### Exercise details
The part to set down runs from the first line of the data below through the line with "تقيم كلية العلوم", inclusive; write it exactly and leave out the pictures.

### Given information
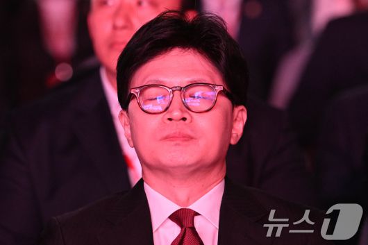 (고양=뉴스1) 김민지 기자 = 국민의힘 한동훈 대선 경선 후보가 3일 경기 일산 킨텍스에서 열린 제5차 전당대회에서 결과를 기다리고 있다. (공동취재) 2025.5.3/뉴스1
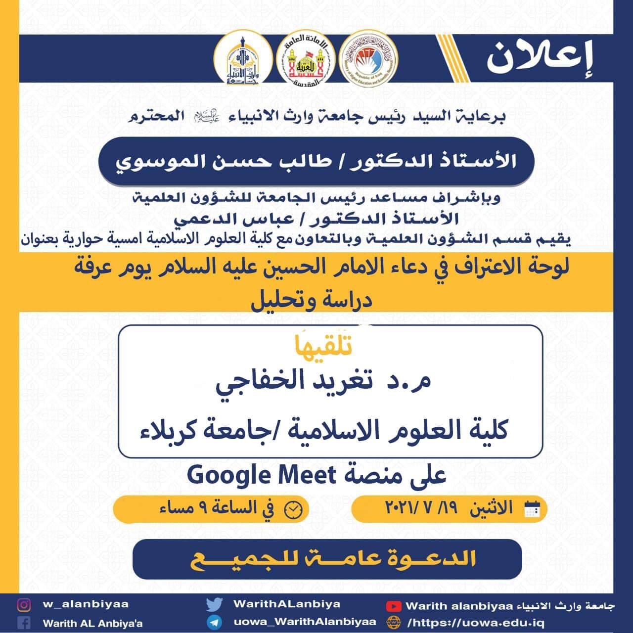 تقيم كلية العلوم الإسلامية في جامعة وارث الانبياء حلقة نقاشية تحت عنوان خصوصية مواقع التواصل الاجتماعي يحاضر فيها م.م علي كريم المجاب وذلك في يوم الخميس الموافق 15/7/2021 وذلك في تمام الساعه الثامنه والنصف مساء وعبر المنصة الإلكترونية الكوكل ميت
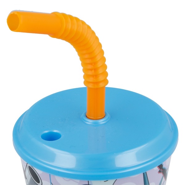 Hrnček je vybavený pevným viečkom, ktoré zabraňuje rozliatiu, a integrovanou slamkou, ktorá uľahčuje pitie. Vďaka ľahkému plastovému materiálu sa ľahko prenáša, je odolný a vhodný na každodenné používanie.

### Written reply
 (고양=뉴스1) 김민지 기자 = 국민의힘 한동훈 대선 경선 후보가 3일 경기 일산 킨텍스에서 열린 제5차 전당대회에서 결과를 기다리고 있다. (공동취재) 2025.5.3/뉴스1
 تقيم كلية العلوم الإسلامية في جامعة وارث الانبياء حلقة نقاشية تحت عنوان خصوصية مواقع التواصل الاجتماعي يحاضر فيها م.م علي كريم المجاب وذلك في يوم الخميس الموافق 15/7/2021 وذلك في تمام الساعه الثامنه والنصف مساء وعبر المنصة الإلكترونية الكوكل ميت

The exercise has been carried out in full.